In business, clustering can help market analysts distinguish different consumer groups from the consumption database, and summarize the consumption patterns or habits of each category of consumers.

Clustering algorithm Canopy algorithm (canopy clustering) K-means algorithm (kmeans cluster) Fuzzy K-means (fuzzy kmeans), EM clustering (expectation maximization clustering EXPECTION MAXMIZATION)

Mean shift clustering (Mean shirt clustering) hierarchical clustering (hieratical cluster) Dikley process clustering (oirichiet process clustering)

Latent dinchiet allocation LOA clustering

Classification is to label objects according to a certain standard, and then distinguish and classify them according to the label.

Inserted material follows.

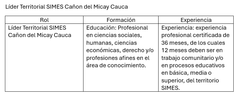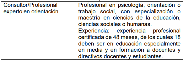 Deseable experiencia en educación inclusiva, atención a la diversidad, discapacidad, enfoque de género, víctimas de conflicto armado, trabajo con comunidades campesinas, rurales o con pertenencia étnica.

Classification is defined in advance, and the number of categories remains the same, such as the color size of soybeans and mung beans.

Algorithmic logical regression (logistic regression) Bayesian (Bayesian) support vector machine (Support vector machine) perceptron algorithm

(perceptron and winnow) neural network (Neural network) random forest (random forests)

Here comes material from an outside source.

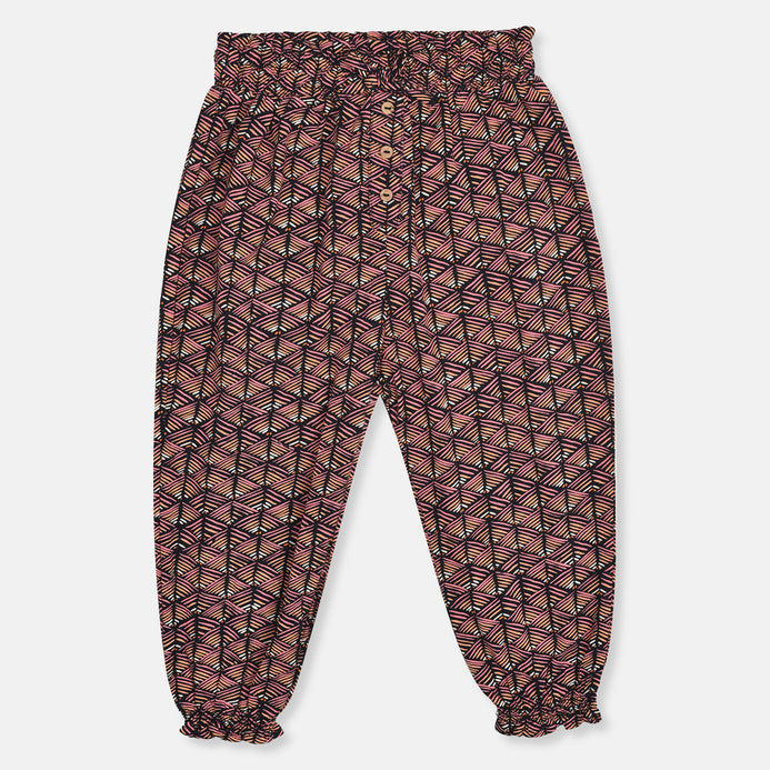 KIB Retro Print Belt Style Cotton Navy Blue Trouser 13151

Finite Boltzmann machine (restric boltzman machine)

Collaborative filtering

Recommendation system (product recommendation, user recommendation)

Recommendation / Collaborative filtering Non-distributed recommenders/ (Distribute Recommenders) TasteUserCF (item cf,slotone) / item cf

Vector similarity calculation RowSimilantyJob / VectorDistanceJob calculate column similarity / calculate vector distance

Non-MR algorithm Hidden markov models Markov model

Collection method extension collocations extends java's collection class

Parallel Fp growth algorithim parallel FP growth algorithm for Mining Association rules

Regression Locally Weighted Linear Regression locally weighted linear regression

Reduced-dimensional stochastic singular value DeCOMPOSITION singular value decomposition / pricipal components Analysis principal component analysis / independent components analysis independent component analysis /

Gaussian discriminative analysis Gaussian discriminant analysis

Parallelization of watchmake Framework by Evolutionary algorithm

Thank you for your reading, the above is the content of "how to use mahout kmeans", after the study of this article, I believe you have a deeper understanding of how to use mahout kmeans, and the specific use needs to be verified in practice. Here is, the editor will push for you more related knowledge points of the article, welcome to follow!

Welcome to subscribe "Shulou Technology Information " to get latest news, interesting things and hot topics in the IT industry, and controls the hottest and latest Internet news, technology news and IT industry trends.

*The comments in the above article only represent the author's personal views and do not represent the views and positions of this website. If you have more insights, please feel free to contribute and share.